If all machines have an identity, organizations can manage access to infrastructure with one passwordless system that treats people and machines the same way. This simplicity is not only more secure since complexity is the most common cause of insecurity, but it also dramatically simplifies implementation. For example, companies already have rules that prevent an intern from being able to access root on a production server. Now, they can have a rule that dictates that a CI/CD bot should not be able to login to a production database. Both users can be authenticated with the same technique (short-lived certificates), authorized using the same catalog of roles, and audited with the same logging and monitoring solutions.

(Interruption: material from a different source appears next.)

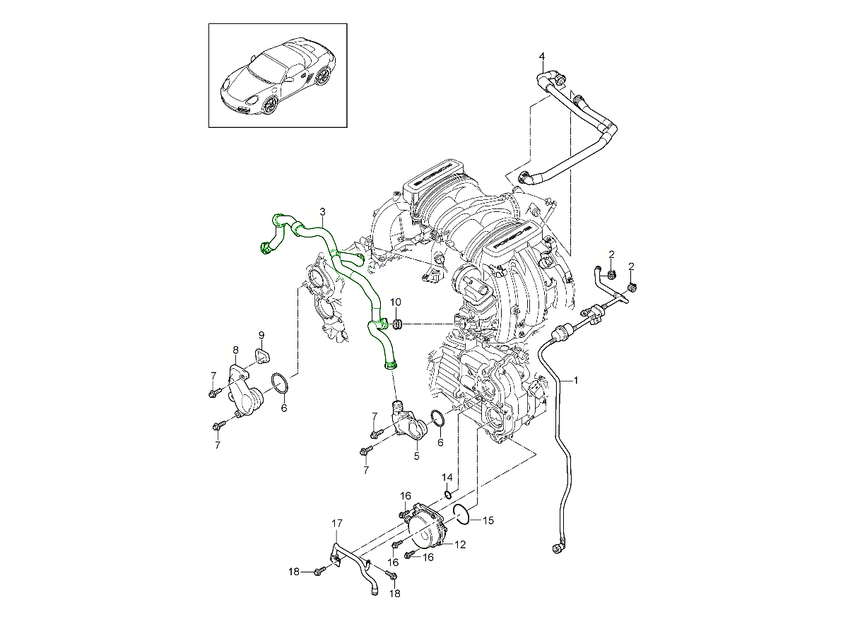 曲轴箱通风软管。9A110751501 曲轴箱通风软管是保时捷 Boxster 和 Cayman 车型上搭载的水冷水平对置六缸发动机的空气/油分离和 PCV 通风系统的原厂指定部件。它连接发动机曲轴箱和空气/油分离器 (AOS) 或通风回路,使曲轴箱气体能够安全排放,同时引导窜气通过相应的过滤通道。
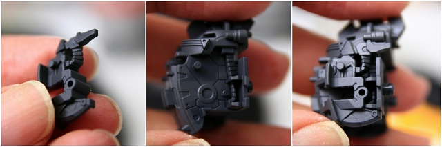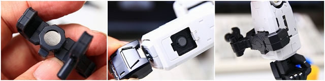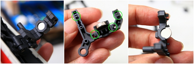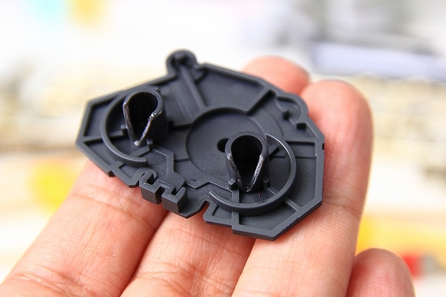 シールドと左腕を接続するためのマグネットです。この部分は(誤飲防止とかの安全基準のためか?)組立済状態でキットに入っています。このままだとヤスリや塗装がやりにくいので分解します。4つのツメで固定されてるのでツメを解除するのが理想ですが、実際にはツメを外すのは困難です。やや強引ですがコジあけるのがベストです、丁寧にやればまったく傷つきません。分解が怖い場合は、分解しなくても大丈夫です。マスキングなどすればヤスリも塗装も可能です。

Making the world a safer place

The joy of being a human is increasingly mediated by machines. Maybe you are singing happy birthday via Zoom to a distant relative, or opening a college savings account for a grandchild. None of this is possible without a vast fleet of servers spread across the world. We all deserve to know that the machines making up this network have an identity, and that their identity is used to explicitly authorize and audit their actions. By moving machine identity out of the shadows, the world will be a safer place.